**EXERCISE DIRECTIONS:** Reproduce the listing that follows word for word, without its pictures.

**GIVEN INFORMATION:**
◆ ◆ ◆

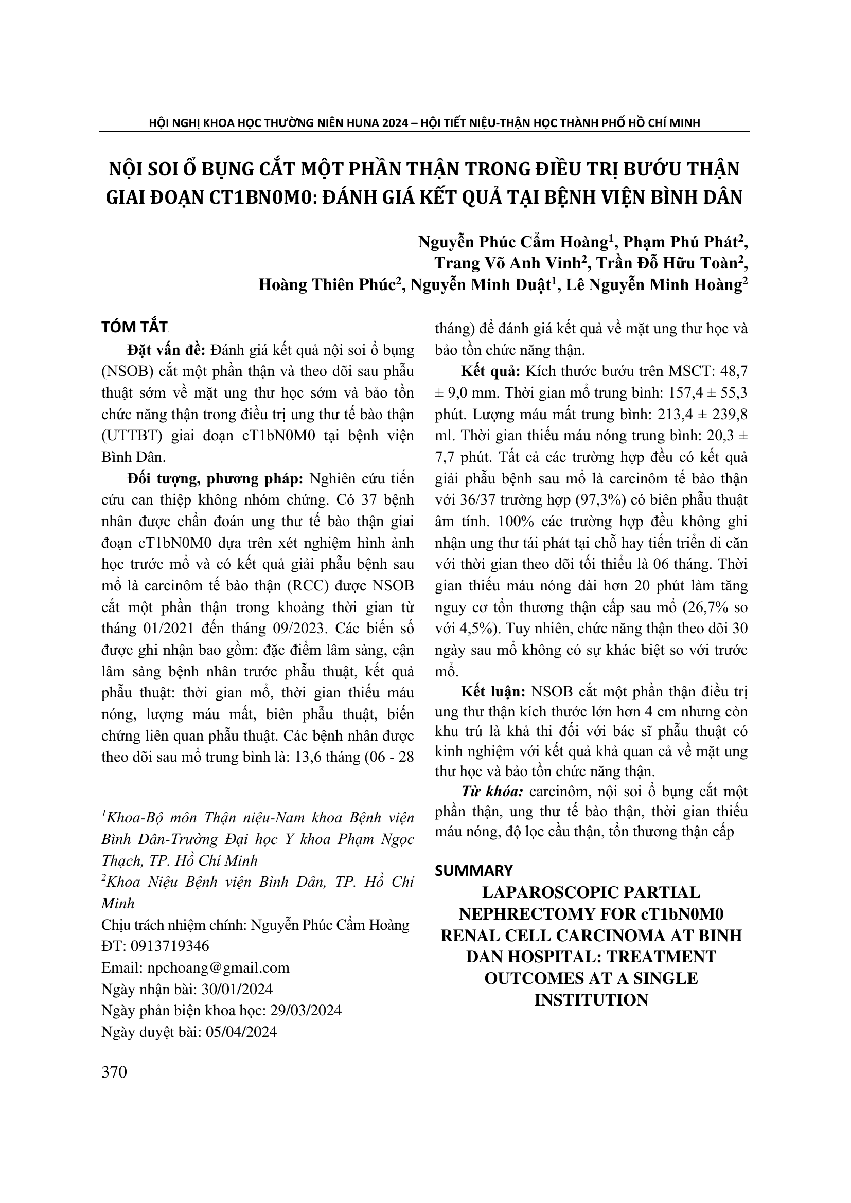 Đánh giá kết quả nội soi ổ bụng (NSOB) cắt một phần thận và theo dõi sau phẫu thuật sớm về mặt ung thư học sớm và bảo tồn chức năng thận trong điều trị ung thư tế bào thận (UTTBT) giai đoạn cT1bN0M0 tại bệnh viện Bình Dân. Đối tượng, phương pháp: Nghiên cứu tiến cứu can thiệp không nhóm chứng. Có 37 bệnh nhân được chẩn đoán ung thư tế bào thận giai đoạn cT1bN0M0 dựa trên xét nghiệm hình ảnh học trước mổ và có kết quả giải phẫu bệnh sau mổ là carcinôm tế bào thận (RCC) được NSOB cắt một phần thận trong khoảng thời gian từ tháng 01/2021 đến tháng 09/2023. Các biến số được ghi nhận bao gồm: đặc điểm lâm sàng, cận lâm sàng bệnh nhân trước phẫu thuật, kết quả phẫu thuật: thời gian mổ, thời gian thiếu máu nóng, lượng máu mất, biên phẫu thuật, biến chứng liên quan phẫu thuật. Các bệnh nhân được theo dõi sau mổ trung bình là: 13,6 tháng (06 - 28 tháng) để đánh giá kết quả về mặt ung thư học và bảo tồn chức năng thận. Kết quả: Kích thước bướu trên MSCT: 48,7 ± 9,0 mm. Thời gian mổ trung bình: 157,4 ± 55,3 phút. Lượng máu mất trung bình: 213,4 ± 239,8 ml. Thời gian thiếu máu nóng trung bình: 20,3 ± 7,7 phút. Tất cả các trường hợp đều có kết quả giải phẫu bệnh sau mổ là carcinôm tế bào thận với 36/37 trường hợp (97,3%) có biên phẫu thuật âm tính. 100% các trường hợp đều không ghi nhận ung thư tái phát tại chỗ hay tiến triển di căn với thời gian theo dõi tối thiểu là 06 tháng. Thời gian thiếu máu nóng dài hơn 20 phút làm tăng nguy cơ tổn thương thận cấp sau mổ (26,7% so với 4,5%). Tuy nhiên, chức năng thận theo dõi 30 ngày sau mổ không có sự khác biệt so với trước mổ. Kết luận: NSOB cắt một phần thận điều trị ung thư thận kích thước lớn hơn 4 cm nhưng còn khu trú là khả thi đối với bác sĩ phẫu thuật có kinh nghiệm với kết quả khả quan cả về mặt ung thư học và bảo tồn chức năng thận.
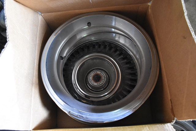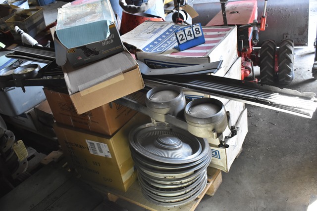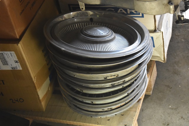 Pallet of '67 Newport Parts Rims, Hubcaps, Seatbelts, Etc.
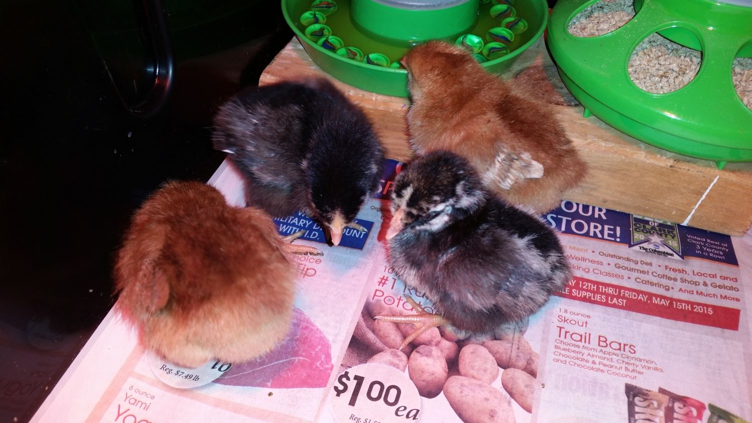 Just received 2 Rhode Island red chicks (RIR) and 2 Silver-Laced Wyandotte chicks. They are eating, drinking, sleeping, and playing well together.
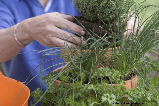 Half fill the second pot with compost and sit the third one in the centre. Plant chives all round the edge of the second pot, splitting the rootballs so they fit the space.

◆ ◆ ◆

**RESULT BELOW:**
 Đánh giá kết quả nội soi ổ bụng (NSOB) cắt một phần thận và theo dõi sau phẫu thuật sớm về mặt ung thư học sớm và bảo tồn chức năng thận trong điều trị ung thư tế bào thận (UTTBT) giai đoạn cT1bN0M0 tại bệnh viện Bình Dân. Đối tượng, phương pháp: Nghiên cứu tiến cứu can thiệp không nhóm chứng. Có 37 bệnh nhân được chẩn đoán ung thư tế bào thận giai đoạn cT1bN0M0 dựa trên xét nghiệm hình ảnh học trước mổ và có kết quả giải phẫu bệnh sau mổ là carcinôm tế bào thận (RCC) được NSOB cắt một phần thận trong khoảng thời gian từ tháng 01/2021 đến tháng 09/2023. Các biến số được ghi nhận bao gồm: đặc điểm lâm sàng, cận lâm sàng bệnh nhân trước phẫu thuật, kết quả phẫu thuật: thời gian mổ, thời gian thiếu máu nóng, lượng máu mất, biên phẫu thuật, biến chứng liên quan phẫu thuật. Các bệnh nhân được theo dõi sau mổ trung bình là: 13,6 tháng (06 - 28 tháng) để đánh giá kết quả về mặt ung thư học và bảo tồn chức năng thận. Kết quả: Kích thước bướu trên MSCT: 48,7 ± 9,0 mm. Thời gian mổ trung bình: 157,4 ± 55,3 phút. Lượng máu mất trung bình: 213,4 ± 239,8 ml. Thời gian thiếu máu nóng trung bình: 20,3 ± 7,7 phút. Tất cả các trường hợp đều có kết quả giải phẫu bệnh sau mổ là carcinôm tế bào thận với 36/37 trường hợp (97,3%) có biên phẫu thuật âm tính. 100% các trường hợp đều không ghi nhận ung thư tái phát tại chỗ hay tiến triển di căn với thời gian theo dõi tối thiểu là 06 tháng. Thời gian thiếu máu nóng dài hơn 20 phút làm tăng nguy cơ tổn thương thận cấp sau mổ (26,7% so với 4,5%). Tuy nhiên, chức năng thận theo dõi 30 ngày sau mổ không có sự khác biệt so với trước mổ. Kết luận: NSOB cắt một phần thận điều trị ung thư thận kích thước lớn hơn 4 cm nhưng còn khu trú là khả thi đối với bác sĩ phẫu thuật có kinh nghiệm với kết quả khả quan cả về mặt ung thư học và bảo tồn chức năng thận.
 Pallet of '67 Newport Parts Rims, Hubcaps, Seatbelts, Etc.
 Just received 2 Rhode Island red chicks (RIR) and 2 Silver-Laced Wyandotte chicks. They are eating, drinking, sleeping, and playing well together.
 Half fill the second pot with compost and sit the third one in the centre. Plant chives all round the edge of the second pot, splitting the rootballs so they fit the space.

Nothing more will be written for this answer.